= Brahms Mount =

Textile manufacturer

Brahms Mount is a textiles manufacturer, established in 1983 in Hallowell, Maine. It designs and creates a variety of soft furnishings in natural fibers, including blankets and throws, using traditional weaving techniques and antique equipment.

==History==
The company was established as Brahms Mount Textiles by Claudia Brahms and Noel Mount. They purchased and renovated two buildings formerly used for Hallowell's granite manufacturing industry to create a textile mill and factory store overlooking the Kennebec River. Brahms comes from a family of interior and fashion designers and Mount comes from a linen weaving family in Northern Ireland.

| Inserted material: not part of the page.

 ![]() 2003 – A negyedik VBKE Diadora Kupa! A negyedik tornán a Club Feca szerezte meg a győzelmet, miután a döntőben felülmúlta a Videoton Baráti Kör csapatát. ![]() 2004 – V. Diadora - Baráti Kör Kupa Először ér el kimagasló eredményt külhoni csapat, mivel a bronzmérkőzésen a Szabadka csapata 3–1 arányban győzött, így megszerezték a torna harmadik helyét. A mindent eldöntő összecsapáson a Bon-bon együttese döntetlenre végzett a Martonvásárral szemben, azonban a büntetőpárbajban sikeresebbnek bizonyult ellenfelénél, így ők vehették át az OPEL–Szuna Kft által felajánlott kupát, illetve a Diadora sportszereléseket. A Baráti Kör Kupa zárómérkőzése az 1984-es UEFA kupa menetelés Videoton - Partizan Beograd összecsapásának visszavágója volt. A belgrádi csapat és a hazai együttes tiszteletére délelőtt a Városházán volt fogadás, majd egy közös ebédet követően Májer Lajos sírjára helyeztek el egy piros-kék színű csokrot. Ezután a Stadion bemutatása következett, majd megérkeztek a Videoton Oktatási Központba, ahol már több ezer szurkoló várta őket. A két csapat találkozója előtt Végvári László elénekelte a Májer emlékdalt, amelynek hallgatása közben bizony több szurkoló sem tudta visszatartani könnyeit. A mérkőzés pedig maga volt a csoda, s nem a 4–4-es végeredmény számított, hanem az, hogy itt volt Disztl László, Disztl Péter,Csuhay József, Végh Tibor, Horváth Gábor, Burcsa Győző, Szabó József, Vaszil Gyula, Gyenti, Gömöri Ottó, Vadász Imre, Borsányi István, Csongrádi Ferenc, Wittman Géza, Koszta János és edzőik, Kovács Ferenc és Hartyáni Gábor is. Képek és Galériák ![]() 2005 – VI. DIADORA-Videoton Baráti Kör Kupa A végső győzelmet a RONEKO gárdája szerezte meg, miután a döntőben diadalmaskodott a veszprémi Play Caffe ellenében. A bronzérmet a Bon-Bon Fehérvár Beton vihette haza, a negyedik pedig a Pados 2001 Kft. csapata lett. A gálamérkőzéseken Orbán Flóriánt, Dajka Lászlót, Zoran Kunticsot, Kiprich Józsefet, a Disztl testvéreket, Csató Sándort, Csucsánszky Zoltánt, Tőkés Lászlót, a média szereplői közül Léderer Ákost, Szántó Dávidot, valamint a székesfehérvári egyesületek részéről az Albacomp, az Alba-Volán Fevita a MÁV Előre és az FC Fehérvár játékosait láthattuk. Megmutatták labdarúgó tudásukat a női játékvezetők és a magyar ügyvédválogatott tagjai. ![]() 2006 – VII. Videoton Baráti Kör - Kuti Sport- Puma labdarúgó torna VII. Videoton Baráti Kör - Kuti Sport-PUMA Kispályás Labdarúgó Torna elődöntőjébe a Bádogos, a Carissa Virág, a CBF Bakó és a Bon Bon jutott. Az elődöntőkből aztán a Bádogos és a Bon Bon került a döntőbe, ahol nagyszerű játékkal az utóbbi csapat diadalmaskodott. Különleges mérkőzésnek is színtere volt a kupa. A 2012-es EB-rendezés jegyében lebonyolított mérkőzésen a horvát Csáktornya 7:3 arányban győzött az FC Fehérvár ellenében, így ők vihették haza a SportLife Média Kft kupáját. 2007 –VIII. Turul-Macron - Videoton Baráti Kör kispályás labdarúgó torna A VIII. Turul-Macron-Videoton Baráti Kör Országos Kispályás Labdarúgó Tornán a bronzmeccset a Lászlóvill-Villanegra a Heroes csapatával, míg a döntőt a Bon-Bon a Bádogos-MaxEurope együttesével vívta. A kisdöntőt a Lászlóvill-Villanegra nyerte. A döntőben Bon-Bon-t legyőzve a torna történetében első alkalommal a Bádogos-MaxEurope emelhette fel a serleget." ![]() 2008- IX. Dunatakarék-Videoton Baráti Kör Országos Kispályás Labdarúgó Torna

Antique Crompton and Knowles W3 Shuttle power looms were sourced from Knox Mill, Bates Mill, Cascade Mill, and Biddeford Mill, and were Brahms Mount's first production looms.

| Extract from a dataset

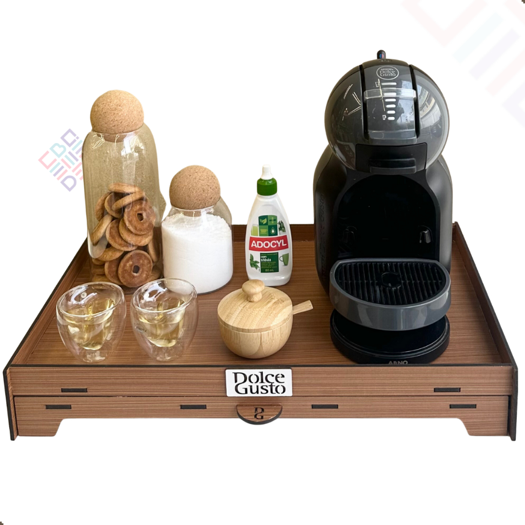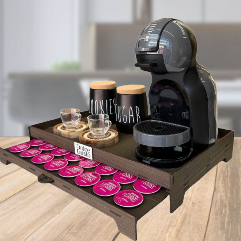 Bandeja Dolce Gusto Marrom Porta 40 Capsulas Gaveta Embutida decorativo dolce gusto grande mdf organizador apoio servir chá cafeteira

In early 2009, David Kaufman, formerly of the broadcast industry, bought the company. David kept the original company name, Brahms Mount. The company was later sold to Sferra Fine Linens LLC, and in 2022 was acquired by Faribault Woolen Mill Company.

==The company today==
Brahms Mount manufactures cotton blankets and is also one of the only domestic manufacturers of top-of-bed linen woven from flax. Brahms Mount produces blankets, throws, linen towels and accessories, all made from natural fibers. Brahms Mount products have been carried by larger scale retail names, such as Neiman Marcus, as well as niche and speciality retailers in the U.S. and internationally. Products are also sold via the company's website, catalogs and factory store.

Claudia Brahms and Noel Mount continue to work with the company, designing fabric and providing engineering consultancy. In 2012, Brahms Mount acquired four more antique shuttle looms of the same vintage to increase production capacity. In 2013, having outgrown its original premises, the factory moved to a larger facility in Monmouth, Maine. The factory store was moved into a historic building in Freeport, Maine.